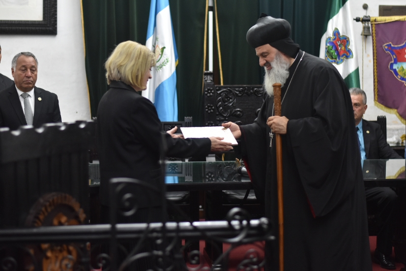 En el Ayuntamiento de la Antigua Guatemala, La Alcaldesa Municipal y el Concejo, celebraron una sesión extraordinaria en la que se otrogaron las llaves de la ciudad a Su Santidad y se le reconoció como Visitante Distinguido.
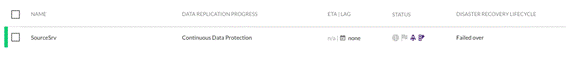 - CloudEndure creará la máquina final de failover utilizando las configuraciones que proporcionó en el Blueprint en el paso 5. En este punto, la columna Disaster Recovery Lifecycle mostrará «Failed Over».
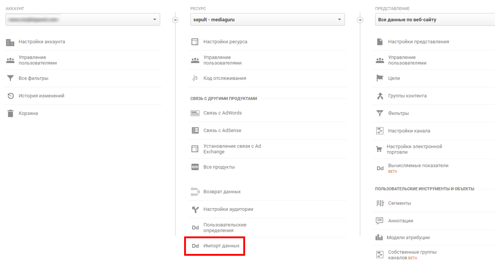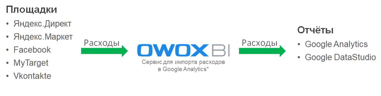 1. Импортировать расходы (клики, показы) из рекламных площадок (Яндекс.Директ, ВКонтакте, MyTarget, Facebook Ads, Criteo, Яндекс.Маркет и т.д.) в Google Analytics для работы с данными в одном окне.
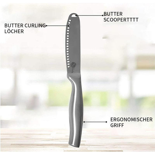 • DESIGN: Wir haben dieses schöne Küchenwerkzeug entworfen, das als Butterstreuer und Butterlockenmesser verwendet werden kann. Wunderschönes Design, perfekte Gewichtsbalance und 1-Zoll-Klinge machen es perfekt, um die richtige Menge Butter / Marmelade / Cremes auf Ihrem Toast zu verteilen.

::::::

• WORK REQUIRED
Leaving the pictures out, output each line of the listing exactly.

• PROBLEM SOLUTION
 En el Ayuntamiento de la Antigua Guatemala, La Alcaldesa Municipal y el Concejo, celebraron una sesión extraordinaria en la que se otrogaron las llaves de la ciudad a Su Santidad y se le reconoció como Visitante Distinguido.
 - CloudEndure creará la máquina final de failover utilizando las configuraciones que proporcionó en el Blueprint en el paso 5. En este punto, la columna Disaster Recovery Lifecycle mostrará «Failed Over».
 1. Импортировать расходы (клики, показы) из рекламных площадок (Яндекс.Директ, ВКонтакте, MyTarget, Facebook Ads, Criteo, Яндекс.Маркет и т.д.) в Google Analytics для работы с данными в одном окне.
 • DESIGN: Wir haben dieses schöne Küchenwerkzeug entworfen, das als Butterstreuer und Butterlockenmesser verwendet werden kann. Wunderschönes Design, perfekte Gewichtsbalance und 1-Zoll-Klinge machen es perfekt, um die richtige Menge Butter / Marmelade / Cremes auf Ihrem Toast zu verteilen.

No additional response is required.